● PROVIDED DATA

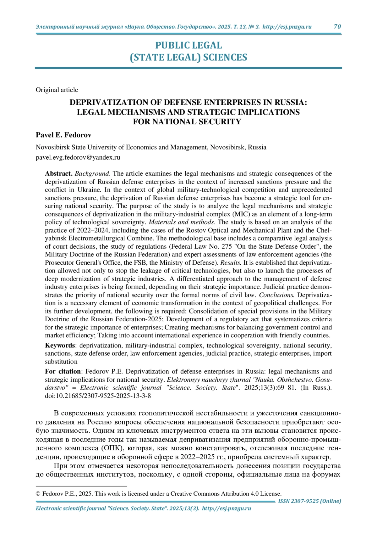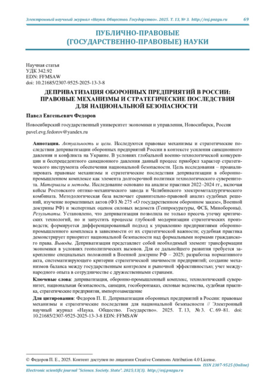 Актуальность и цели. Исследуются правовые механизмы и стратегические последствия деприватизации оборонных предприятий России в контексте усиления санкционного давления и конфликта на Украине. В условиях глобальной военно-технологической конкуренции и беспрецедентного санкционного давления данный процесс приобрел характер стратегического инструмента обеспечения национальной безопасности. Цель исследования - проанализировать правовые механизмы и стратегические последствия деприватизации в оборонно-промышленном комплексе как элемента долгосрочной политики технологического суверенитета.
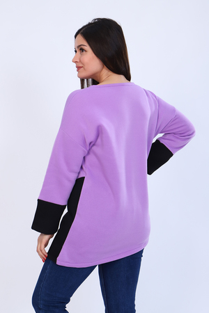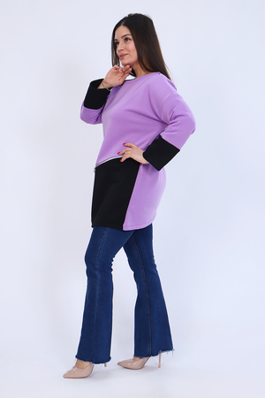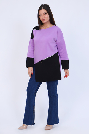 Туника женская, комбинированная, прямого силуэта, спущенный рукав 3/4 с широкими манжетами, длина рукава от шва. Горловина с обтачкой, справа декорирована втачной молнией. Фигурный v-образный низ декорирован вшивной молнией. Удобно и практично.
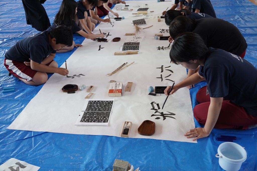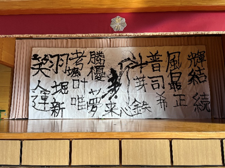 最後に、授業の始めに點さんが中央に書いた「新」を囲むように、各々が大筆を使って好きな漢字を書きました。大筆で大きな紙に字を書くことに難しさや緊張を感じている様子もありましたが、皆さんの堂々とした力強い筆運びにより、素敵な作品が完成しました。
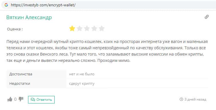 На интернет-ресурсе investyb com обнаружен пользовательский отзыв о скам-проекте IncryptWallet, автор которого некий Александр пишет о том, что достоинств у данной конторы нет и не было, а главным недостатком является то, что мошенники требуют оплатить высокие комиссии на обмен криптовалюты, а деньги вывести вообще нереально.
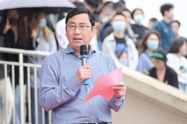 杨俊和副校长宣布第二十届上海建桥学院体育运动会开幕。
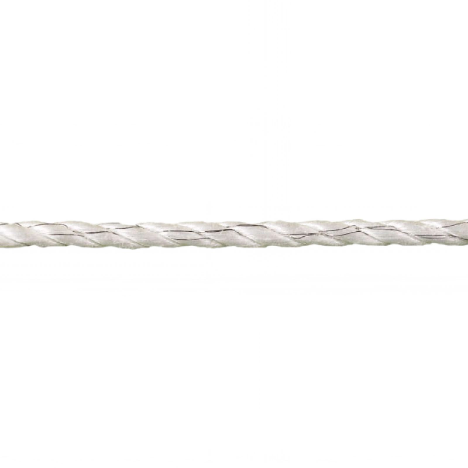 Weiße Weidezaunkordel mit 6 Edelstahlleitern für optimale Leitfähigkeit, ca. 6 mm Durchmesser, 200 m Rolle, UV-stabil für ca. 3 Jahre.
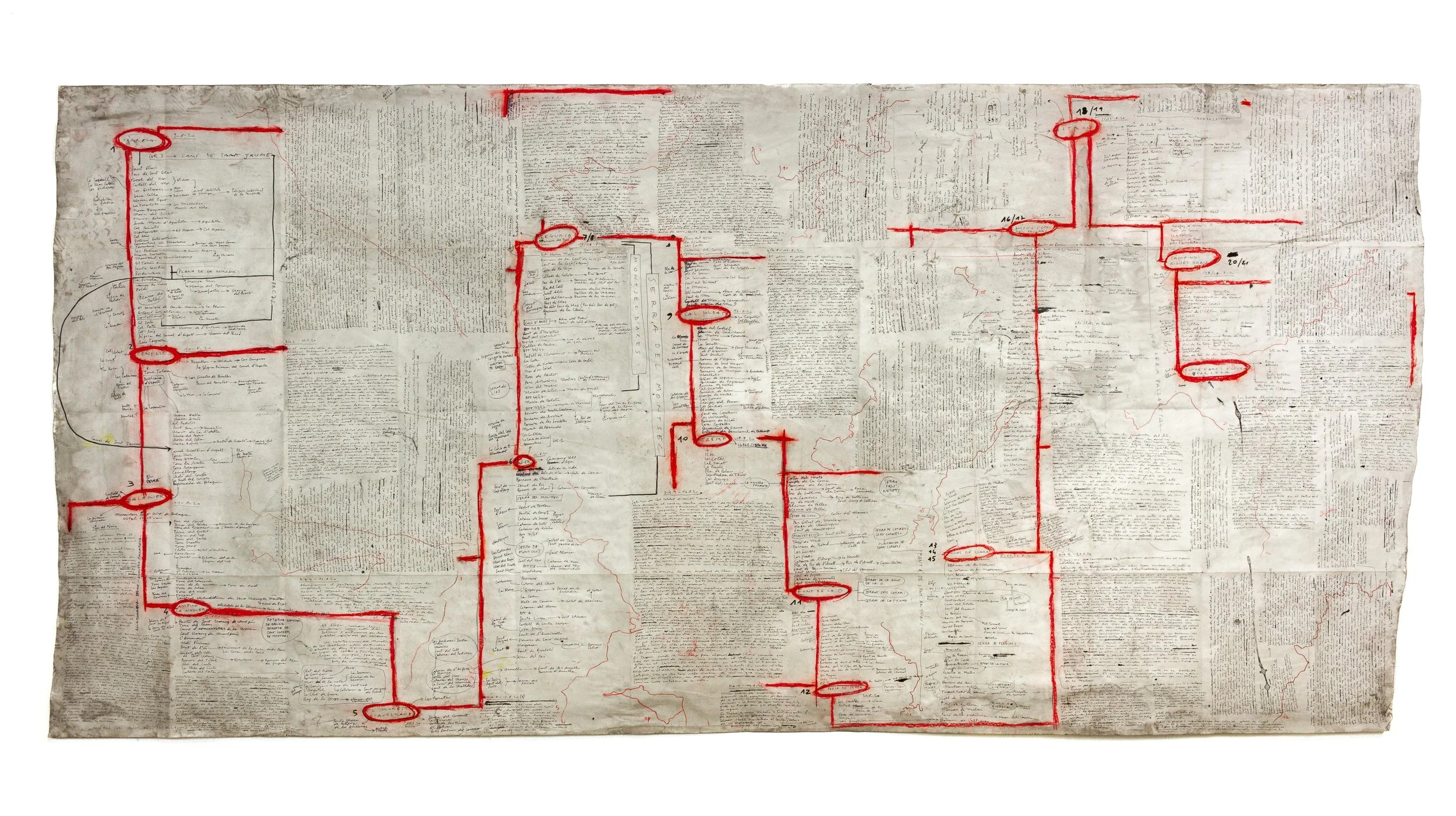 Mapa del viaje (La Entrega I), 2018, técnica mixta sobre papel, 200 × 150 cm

● THE TASK
Everything but the pictures is needed: copy the data above exactly.

● RESPONSE TO THIS TASK
 Актуальность и цели. Исследуются правовые механизмы и стратегические последствия деприватизации оборонных предприятий России в контексте усиления санкционного давления и конфликта на Украине. В условиях глобальной военно-технологической конкуренции и беспрецедентного санкционного давления данный процесс приобрел характер стратегического инструмента обеспечения национальной безопасности. Цель исследования - проанализировать правовые механизмы и стратегические последствия деприватизации в оборонно-промышленном комплексе как элемента долгосрочной политики технологического суверенитета.
 Туника женская, комбинированная, прямого силуэта, спущенный рукав 3/4 с широкими манжетами, длина рукава от шва. Горловина с обтачкой, справа декорирована втачной молнией. Фигурный v-образный низ декорирован вшивной молнией. Удобно и практично.
 最後に、授業の始めに點さんが中央に書いた「新」を囲むように、各々が大筆を使って好きな漢字を書きました。大筆で大きな紙に字を書くことに難しさや緊張を感じている様子もありましたが、皆さんの堂々とした力強い筆運びにより、素敵な作品が完成しました。
 На интернет-ресурсе investyb com обнаружен пользовательский отзыв о скам-проекте IncryptWallet, автор которого некий Александр пишет о том, что достоинств у данной конторы нет и не было, а главным недостатком является то, что мошенники требуют оплатить высокие комиссии на обмен криптовалюты, а деньги вывести вообще нереально.
 杨俊和副校长宣布第二十届上海建桥学院体育运动会开幕。
 Weiße Weidezaunkordel mit 6 Edelstahlleitern für optimale Leitfähigkeit, ca. 6 mm Durchmesser, 200 m Rolle, UV-stabil für ca. 3 Jahre.
 Mapa del viaje (La Entrega I), 2018, técnica mixta sobre papel, 200 × 150 cm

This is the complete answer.